La pendule de la salle de bain
On dirait une pendule - un cadran avec une aiguille, un chiffre au milieu et des petites barres avant et après. Quand l’aiguille est avant, on se sent tout léger et le moral a un air de printemps. Quand c’est après, on a la mine des lendemains de fête. On essaie à nouveau, au cas où il y aurait une erreur, mais non c’est bien ça.
Bien décidé à vérifier une dernière fois et à ne pas laisser des petites barres après une aiguille vous saper le moral, on se précipite dans l’armoire. On saute dans son pantalon, on rentre le ventre. En tirant un peu sur le bouton ça va aller. Complaisamment on jauge son image dans le miroir. Le bouton, comme un projectile, traverse la pièce et se fiche juste entre le mur et le lit. Se débarrasser de la pièce à conviction, faire comme si on n’avait rien vu.
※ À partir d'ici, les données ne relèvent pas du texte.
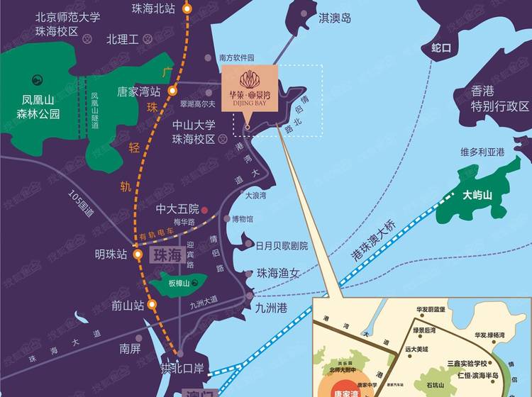 华策·帝景湾坐落在珠海唐家湾——的滨海城市板块,位于港湾大道和情侣北路交汇点,扼守着“滨海半岛”的主出入口。

On replace l’objet dans la pile des vêtements à réessayer … l’année prochaine.
On entame une sorte de marathon qui nous conduit tous les jours à grimper sur la balance. Un peu plus sur le pied droit, un peu plus sur le gauche – on dirait un exercice de step, mais c’est toujours le même poids. On essaie aussi le soir au cas où dans la journée ils nous auraient quitté comme on vide un appartement, mais c’est pareil.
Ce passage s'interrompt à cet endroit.